3. Data Application and Derivation:
The data set is a contribution to the Global Primary Production Data Initiative (GPPDI) (Olson et al., 2012). The file NPP_Gridded_3654_cells_R3.csv is suitable for biome level and overall analyses because of larger sample size. The file NPP_Gridded_2335_unique_cells_R3.csv was derived from the larger file; however, outliers were excluded, replicate measurements were averaged out for each unique geographic locations, and cells classified as water, bare ground, and urban were excluded. This data file is more appropriate for model/data inter-comparisons.
4. Quality Assessment:
Data quality assessment for this data set involved several outlier analysis tests. First, outliers in the data were identified by calculating the means and standard deviations of NPP for broad biomes. No NPP values were excluded from the data set since (1) the current data may not be representative for each biome, for example, there are no tropical high-productivity NPP cells in this data set, thus a cell NPP value of 1,235 gC/m2/yr that is currently an outlier, may not necessarily be unreasonable if more high-productivity NPP cells are added; (2) some cells had only a single year of observation while others were long-term averages; and (3) the GPPDI data set includes both actual and potential NPP.

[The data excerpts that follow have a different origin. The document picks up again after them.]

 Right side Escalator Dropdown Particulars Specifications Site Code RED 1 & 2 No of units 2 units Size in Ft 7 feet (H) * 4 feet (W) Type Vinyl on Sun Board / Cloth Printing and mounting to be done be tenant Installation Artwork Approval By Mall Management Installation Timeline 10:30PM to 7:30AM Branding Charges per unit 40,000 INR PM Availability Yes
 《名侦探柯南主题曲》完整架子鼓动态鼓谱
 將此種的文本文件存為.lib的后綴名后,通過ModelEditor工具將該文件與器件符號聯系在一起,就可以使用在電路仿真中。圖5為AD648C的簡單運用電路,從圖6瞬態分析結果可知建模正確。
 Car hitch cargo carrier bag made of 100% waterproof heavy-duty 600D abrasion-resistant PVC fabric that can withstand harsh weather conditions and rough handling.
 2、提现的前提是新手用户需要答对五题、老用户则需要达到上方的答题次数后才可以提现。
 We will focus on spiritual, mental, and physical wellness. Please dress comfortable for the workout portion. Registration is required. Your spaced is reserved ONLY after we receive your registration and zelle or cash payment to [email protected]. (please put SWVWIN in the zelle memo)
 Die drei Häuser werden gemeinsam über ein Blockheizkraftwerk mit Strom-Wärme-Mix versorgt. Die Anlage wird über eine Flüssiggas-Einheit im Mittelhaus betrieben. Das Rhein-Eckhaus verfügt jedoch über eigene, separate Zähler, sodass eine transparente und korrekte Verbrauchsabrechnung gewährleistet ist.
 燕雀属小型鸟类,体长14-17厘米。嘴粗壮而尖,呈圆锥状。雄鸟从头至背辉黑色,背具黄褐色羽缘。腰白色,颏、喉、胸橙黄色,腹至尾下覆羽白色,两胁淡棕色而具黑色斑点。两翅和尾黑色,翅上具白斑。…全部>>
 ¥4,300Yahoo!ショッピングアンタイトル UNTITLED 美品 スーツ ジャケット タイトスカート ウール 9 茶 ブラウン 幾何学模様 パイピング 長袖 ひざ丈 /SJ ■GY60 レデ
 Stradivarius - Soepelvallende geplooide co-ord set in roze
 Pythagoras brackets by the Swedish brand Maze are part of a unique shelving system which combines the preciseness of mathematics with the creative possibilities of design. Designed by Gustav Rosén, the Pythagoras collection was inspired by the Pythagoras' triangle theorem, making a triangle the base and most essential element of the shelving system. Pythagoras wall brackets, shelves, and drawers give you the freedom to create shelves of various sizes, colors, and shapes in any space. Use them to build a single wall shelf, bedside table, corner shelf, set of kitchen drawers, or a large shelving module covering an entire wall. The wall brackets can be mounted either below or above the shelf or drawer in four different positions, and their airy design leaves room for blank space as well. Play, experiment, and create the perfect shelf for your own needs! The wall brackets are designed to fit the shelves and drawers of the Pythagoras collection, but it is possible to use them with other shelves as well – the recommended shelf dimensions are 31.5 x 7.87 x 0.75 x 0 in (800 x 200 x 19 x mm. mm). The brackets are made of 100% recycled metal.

Further outliers were detected by examining relationships between NPP and other environmental variables based on: (1) climate values outside of the 0.01 to 0.99 percentiles for each biome calculated assuming a normal distribution of variables; (2) linear regression analysis between NPP and actual evapotranspiration (AET), precipitation, elevation, and temperature. Cells falling outside of the 0.95 confidence interval about the regression line were flagged; and (3) managed vegetation (e.g., the cells originally reported as crop) were excluded (Olson et al., 2001). After the outlier analysis on the original 3,654 0.5-degree grid cells [NPP_Gridded_3654_cells_R3.csv], averaging replicate measurements of the same cell (mainly in the Great Plains Region, USA), and excluding cropland cells, 2,335 cells remained [NPP_Gridded_2335_unique_cells_R3.csv].
To confirm the data quality, all available cells that had TNPP values (3,618) were used for comparisons with the Miami model [precipitation based (Lieth, 1975)]. The TNPP values were well correlated (r2=0.73) with the Miami model results, but were consistently lower. The grid-cell NPP estimates are compared with other key environmental variables at the same resolution (0.5-degree), such as AET (1961-90) and NDVI (1981-94) to test the consistency of the estimates. See Zheng et al. (2003) for discussion.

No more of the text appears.